Additionally, pgmpy also provides a check_model method that checks whether the model and all the associated CPDs are consistent:

In [24]: model.check_model()
Out[25]: True

In case we have got some wrong CPD associated with the model and we want to remove it, we can use the remove_cpd method. Let's say we want to remove the CPD associated with variable late_for_school, we could simply do as follows:

In [26]: model.remove_cpds('late_for_school')
In [27]: model.get_cpds()
Out[27]:
[<TabularCPD representing P(rain:2) at 0x7f477b6f9940>,
 <TabularCPD representing P(accident:2) at 0x7f477b6f97f0>,
 <TabularCPD representing P(traffic_jam:2 | rain:2, accident:2) at 
                                                  0x7f477b6f9e48>,
 <TabularCPD representing P(long_queues:2 | traffic_jam:2) at 
                                                  0x7f477b7051d0>,
 <TabularCPD representing P(getting_up_late:2) at 0x7f477b7059e8>]

Reasoning pattern in Bayesian networks

Would the probability of having a road accident change if I knew that there was a traffic jam? Or, what are the chances that it rained heavily today if some student comes late to class? Bayesian networks helps in finding answers to all these questions. Reasoning patterns are key elements of Bayesian networks.

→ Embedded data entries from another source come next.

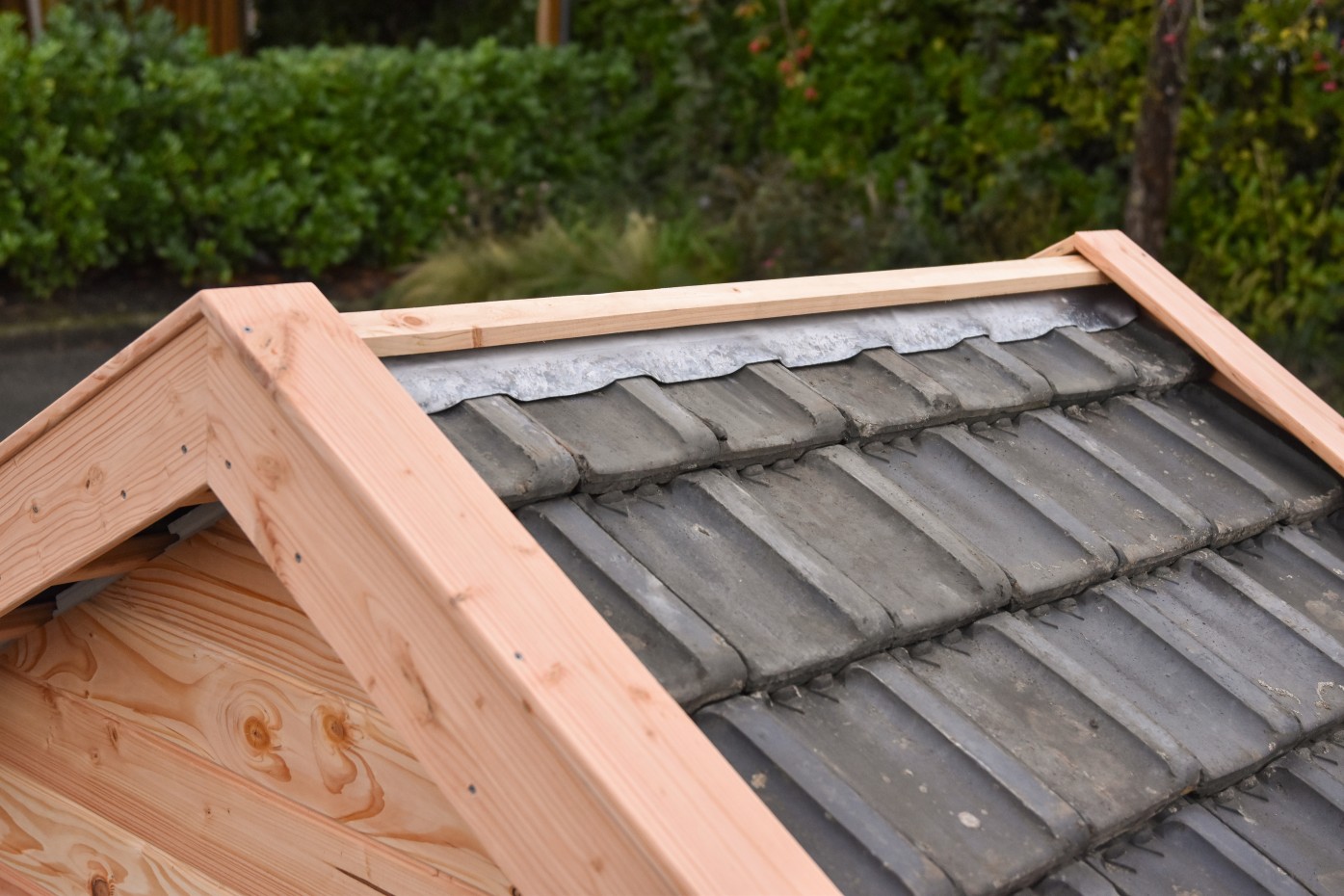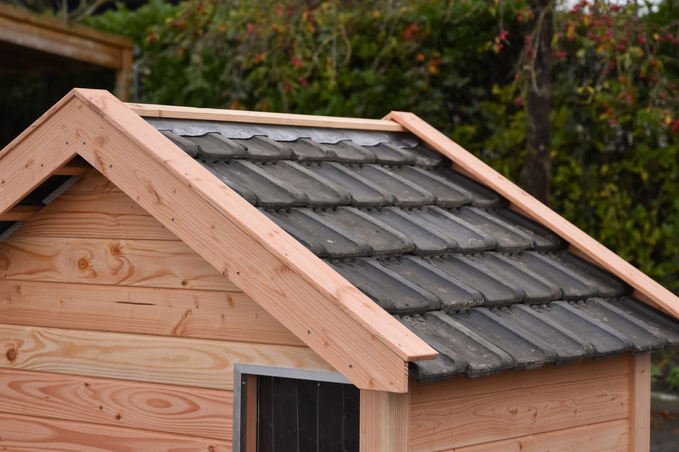 - Ta buda wyposażona jest w zużyte ceramiczne dachówki.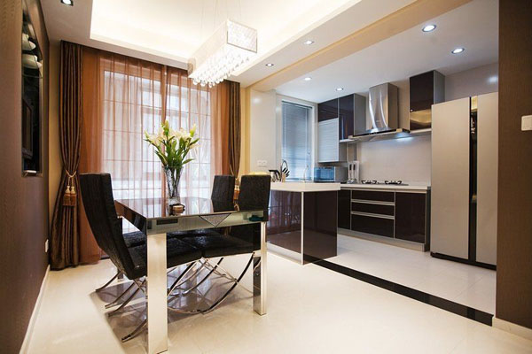 餐厅与厨房相对,厨房间采用的半开放式的。房东说他们都不是很喜欢油烟,家里做饭也少,这样就足够了、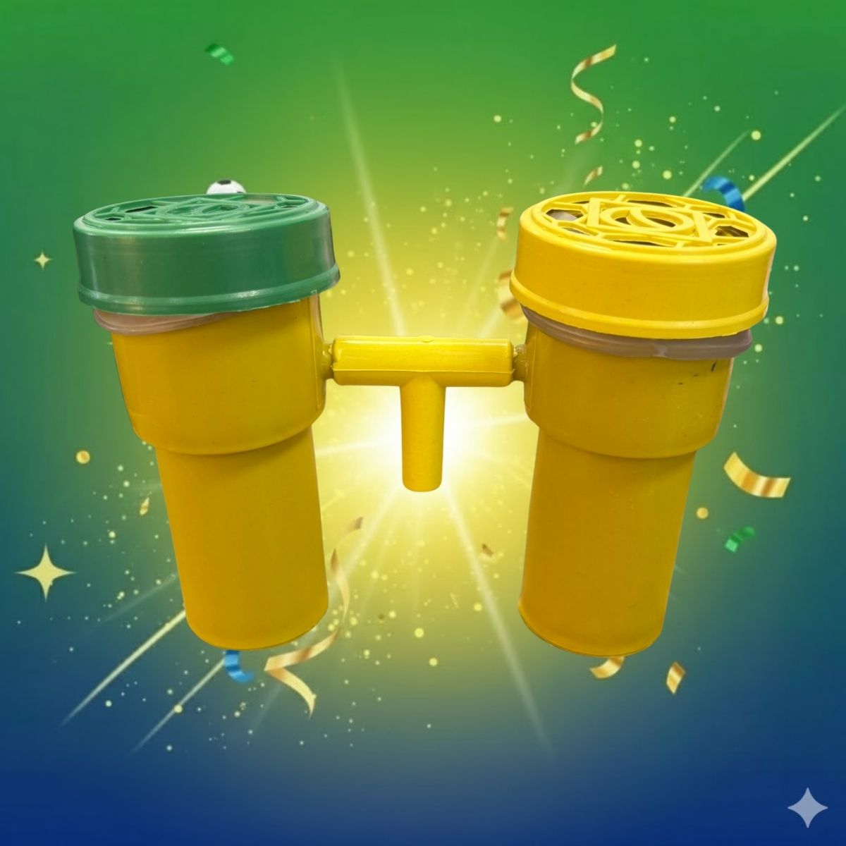 A Buzina Dupla é perfeita para animar a torcida nos jogos e comemorações da Copa do Mundo. Na cor amarelo, ela traz alegria, destaque visual e representa toda a vibração do futebol, tornando cada lance ainda mais emocionante e cheio de energia.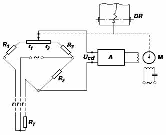 Atunci cānd puntea este neechilibrata, tensiunea Ucd se aplica la intrarea amplificatorului A, a carui iesire comanda motorul asincron bifazat M. Acest semnal de comanda, īmpreuna cu alimentarea din cealalta īnfasurare a motorului, creeaza un cāmp magnetic rotitor, care conduce la miscarea rotorului si astfel prin legatura mecanica reprezentata punctat, este pus īn miscare cursorul pentru echilibrarea puntii. Scala aparatului indicator īnregistrator este gradata īn unitati de temperatura.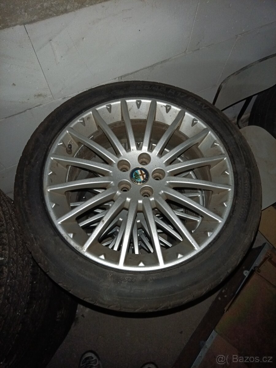 Prodám originál alu kola na Alfa Romeo a letními pneu o rozměrech 225/45 R17, 7Jx17 H2 a 1 sezónu jete zimní pneu o rozměrech 225/45 R17

Before answering all these questions, we need to compute the joint probability distribution. For ease in naming the nodes, let's denote them as follows:

  • Traffic accident as A

  • Heavy rain as B

  • Traffic jam as J

  • Getting up late as G

  • Long queues as Q

  • Late to school as L

From the chain rule of the Bayesian network, we have the joint probability distribution as follows:

Starting with a simple query, what are the chances of having a traffic jam if I know that there was a road accident? This question can be put formally as what is the value of P(J|A = True)?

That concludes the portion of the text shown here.